Blueberry scorch virus(BlScV) is a carlavirus that causes a serious disease of blueberries (Vaccinium corymbosum L.) in North America (2). In aphid-transmission studies of BlScV using blueberry as host and test species, we found the rate of transmission to be low, and a lengthy incubation period was required before BlScV could be detected. For sequencing studies, RNA extraction from blueberry using standard methods was unreliable and inefficient. These problems prompted a search for alternate hosts. Of 12 herbaceous hosts screened for BlScV transmission using the blueberry aphid, Ericaphis fimbriata Richards, with mechanical transmission, only Nicotiana occidentalis (Wheeler) became infected. After 3 to 4 weeks, infection of N. occidentalis with BlScV resulted in mild symptoms that included pronounced leaf twisting and swollen leaf veins. Infection with BlScV was confirmed using a double-antibody sandwich enzyme-linked immunosorbent assay (DAS-ELISA) kit (Agdia Inc., Elkhart, IN), polyclonal antibodies to BlScV from the antiserum collection at the Pacific Agri-Food Research Center, Summerland, British Columbia, Canada, and reverse transcription-polymerase chain reaction (RT-PCR). Forward (5'-NTAAACACTCCCGAATATAC-3') and reverse (5'-CAGATTGCTTATCCGGCTTC-3') primers were designed with the published sequence of BlScV isolate NJ-02 (GenBank Accession No. NC003499). An amplicon of the expected size was generated and sequenced. BLAST analysis indicated that the nucleotide sequence of the amplified fragment was 87% identical to the corresponding sequence in NJ-02 (1). N. occidentalis was readily infected with BlScV following aphid or mechanical inoculations from blueberry. With E. fimbriata as the aphid vector, the transmission rate from blueberry to N. occidentalis was approximately 26%, compared with 70% for mechanical inoculations. Mechanical transfer of BlScV between infected N. occidentalisplants resulted in a 100% transmission rate. Recently, with N. occidentalis, we have completely sequenced two strains of BlScV from British Columbia, Canada and identified several aphid vector species. The identification of N. occidentalis as an herbaceous host of BlScV greatly facilitates future studies on the virus. References: (1) T. D. Cavileer et al. J. Gen. Virol. 75: 711, 1994. (2) R. R. Martin and P. R. Bristow. Phytopathology 78:1636, 1988.
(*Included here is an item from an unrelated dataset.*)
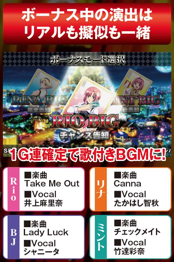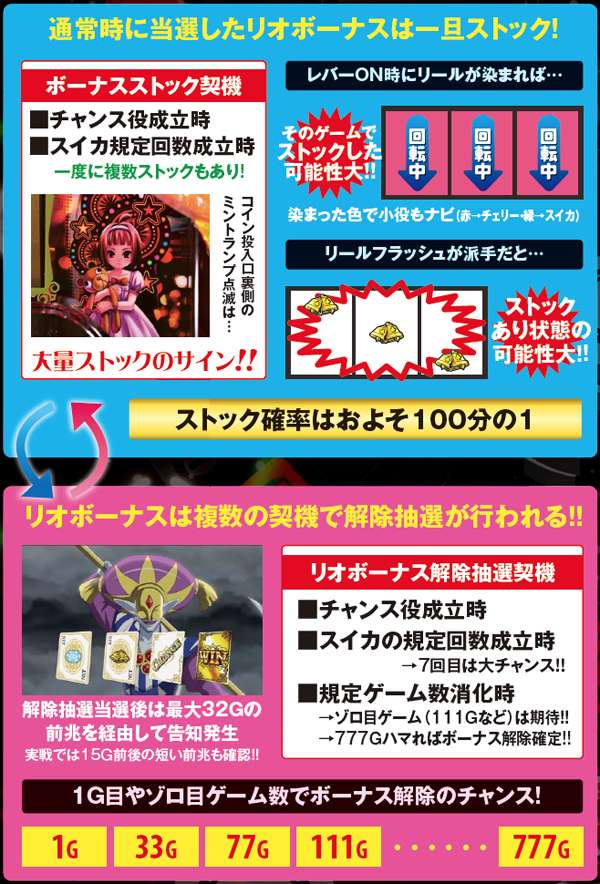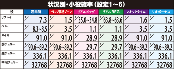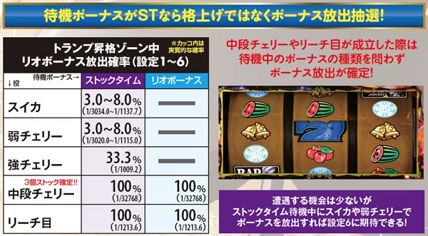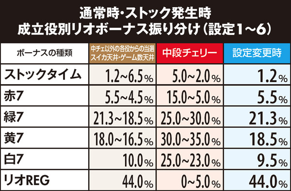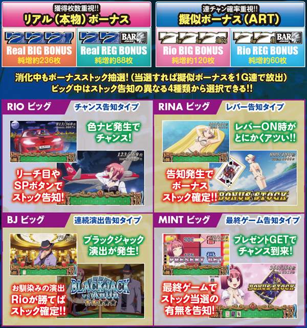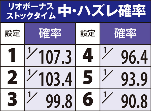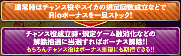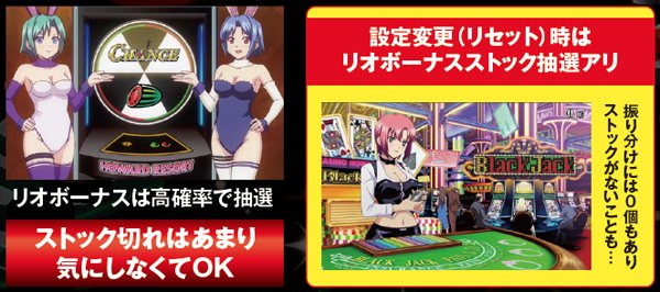 通常時はおよそ100分の1の確率でリオボーナスをストック。全停止時にミントランプが点滅すれば大量ストックのサインとなるが、基本的にストックがあるのが前提のゲーム性につき、設定変更後もストック切れの心配はほぼないと思われる。

蓝莓焦枯病毒(BlScV)是一种香石竹潜隐病毒属病毒,在北美可引发蓝莓(Vaccinium corymbosum L.)的严重病害(2)。在以蓝莓为宿主和试验物种对BlScV进行蚜虫传播研究时,我们发现传播率较低,且在检测到BlScV之前需要较长的潜伏期。对于测序研究而言,使用标准方法从蓝莓中提取RNA既不可靠也效率低下。这些问题促使人们寻找替代宿主。在用蓝莓蚜(Ericaphis fimbriata Richards)进行机械传播对12种草本宿主筛选BlScV传播时,只有西方烟草(Nicotiana occidentalis (Wheeler))被感染。3至4周后,西方烟草被BlScV感染会出现轻微症状,包括叶片明显扭曲和叶脉肿胀。使用双抗体夹心酶联免疫吸附测定(DAS - ELISA)试剂盒(Agdia公司,印第安纳州埃尔克哈特)、来自加拿大不列颠哥伦比亚省萨默兰太平洋农业食品研究中心抗血清库的针对BlScV的多克隆抗体以及逆转录 - 聚合酶链反应(RT - PCR)来确认BlScV感染。根据已发表的BlScV分离株NJ - 02(GenBank登录号NC003499)序列设计正向引物(5'-NTAAACACTCCCGAATATAC-3')和反向引物(5'-CAGATTGCTTATCCGGCTTC-3')。产生了预期大小的扩增子并进行了测序。BLAST分析表明,扩增片段的核苷酸序列与NJ - 02中的相应序列有87%的同一性(1)。在通过蚜虫或从蓝莓进行机械接种后,西方烟草很容易被BlScV感染。以蓝莓蚜作为蚜虫载体,从蓝莓到西方烟草的传播率约为26%,而机械接种的传播率为70%。在受感染的西方烟草植株之间机械传播BlScV的传播率为100%。最近,利用西方烟草,我们已完成了来自加拿大不列颠哥伦比亚省的两株BlScV的全序列测定,并鉴定出了几种蚜虫载体物种。将西方烟草鉴定为BlScV的草本宿主极大地促进了对该病毒的后续研究。参考文献:(1)T. D. Cavileer等人,《普通病毒学杂志》75: 711,1994年。(2)R. R. Martin和P. R. Bristow,《植物病理学》78:1636,1988年。